ECLI:NL:RBDHA:2025:21404

Rechtbank Den Haag

Datum uitspraak
11 november 2025
Publicatiedatum
13 november 2025
Zaaknummer
NL25.46077
Instantie
Rechtbank Den Haag
Type
Uitspraak
Procedures
  • Eerste aanleg - enkelvoudig
Rechters
Vindplaatsen
  • Rechtspraak.nl
AI samenvatting door LexboostAutomatisch gegenereerd

Asielaanvraag onder het Dublin-systeem en interstatelijk vertrouwensbeginsel in bestuursrechtelijke context

In deze zaak heeft de Rechtbank Den Haag op 11 november 2025 uitspraak gedaan in een asielzaak waarbij eiser, een Marokkaanse nationaliteit hebbende persoon, zijn asielaanvraag in Nederland had ingediend op 5 augustus 2025. De minister van Asiel en Migratie heeft echter de aanvraag niet in behandeling genomen, omdat Duitsland verantwoordelijk is voor de behandeling op basis van de Dublinverordening.
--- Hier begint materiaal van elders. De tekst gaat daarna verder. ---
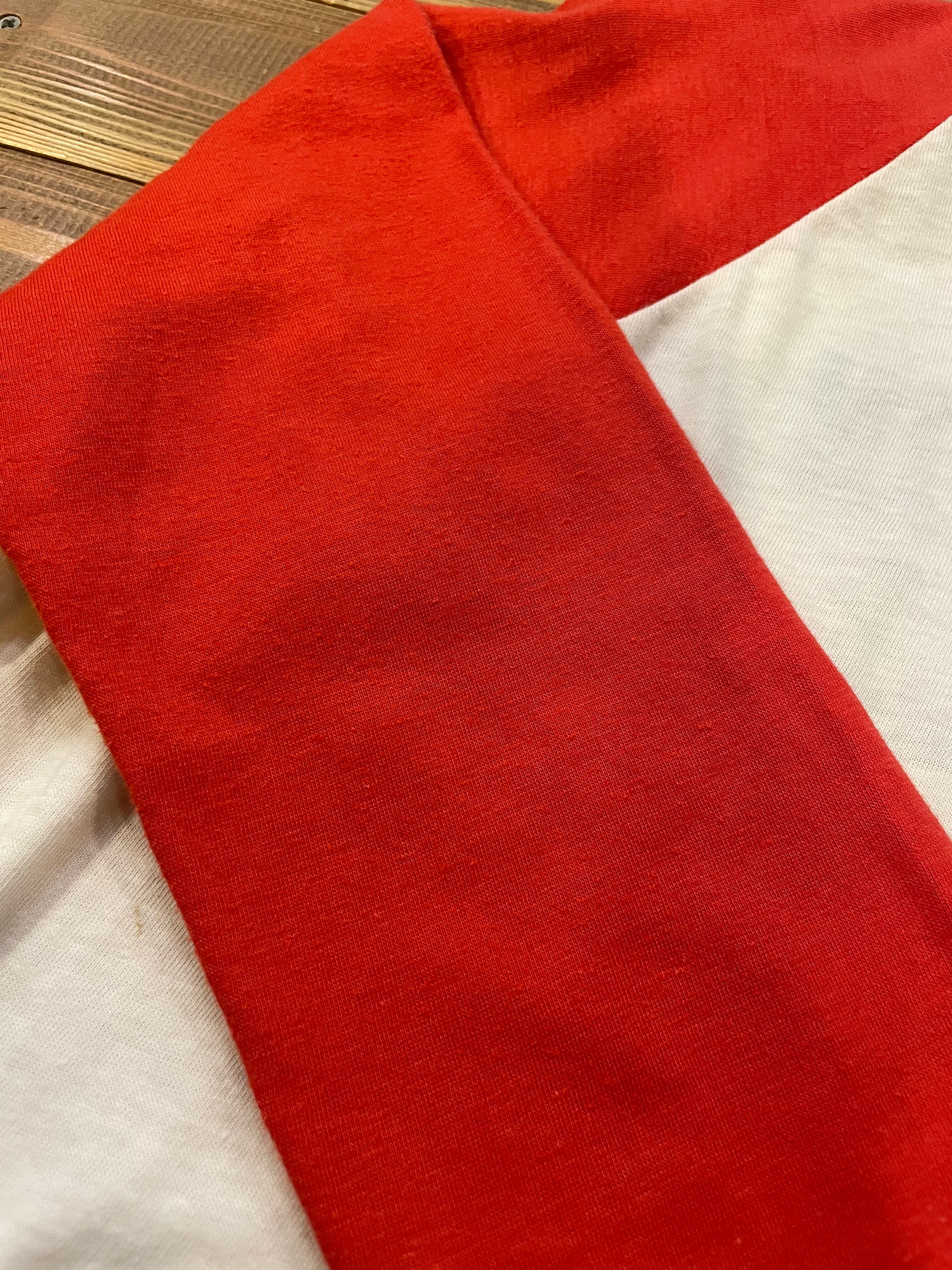 飲食店のロゴと思われるプリントのデザインがポップで良い感じですし、バックプリントがあってポイント高いですね。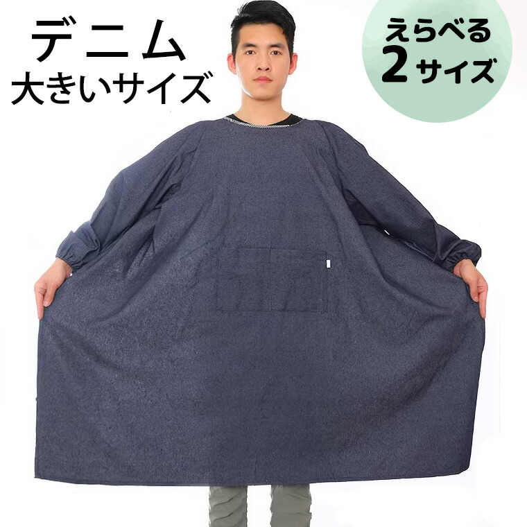 115の方まで デニム特大サイズ メンズエプロン メンズ 割烹着 汚れ防止加工 袖あり 長袖 黒 ブラック 防水 防油 汚れ防止 大きいサイズ 男性用 男性 袖口ゴム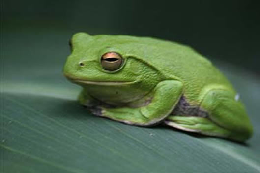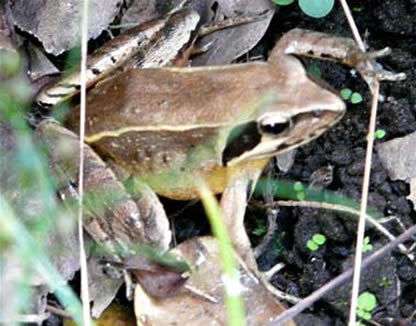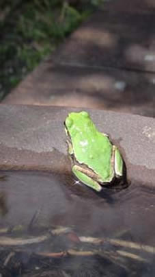 そんなわけで、我が家はカエルだらけ、という様相を呈しています。それに、ほんもののカエルくんたちもいるのです。下手な天気予報よりも適中率の高いアマガエルくん(写真11)。逃げも隠れもせず、無防備によく昼寝をしているシュレーゲルアオガエルくん(写真12)。たぶんニホンアカガエルくん(写真13)と思われる茶色いヤツ。みんな多分、我が家の守神なのでしょう。これからもよろしく我が家を守ってケロケロ。 (え)

Eiser heeft beroep ingesteld tegen dit besluit, stellende dat het bestreden besluit onzorgvuldig tot stand is gekomen en onvoldoende rekening houdt met zijn bijzondere omstandigheden, waaronder eerdere mishandeling in Duitsland en gebrek aan toegang tot de asielprocedure daar.

De rechtbank heeft de zaak beoordeeld zonder zitting, op grond van artikel 8:54 van de Algemene wet bestuursrecht. De rechtbank heeft vastgesteld dat eiser procesbelang heeft, ondanks dat verweerder had aangegeven dat eiser met onbekende bestemming was vertrokken. De rechtbank heeft het Eurodac-resultaat in overweging genomen, waaruit blijkt dat eiser eerder in Duitsland om internationale bescherming heeft verzocht. De rechtbank concludeert dat Duitsland verantwoordelijk is voor de behandeling van de asielaanvraag en dat verweerder mag uitgaan van het vermoeden dat Duitsland zijn internationale verplichtingen zal nakomen.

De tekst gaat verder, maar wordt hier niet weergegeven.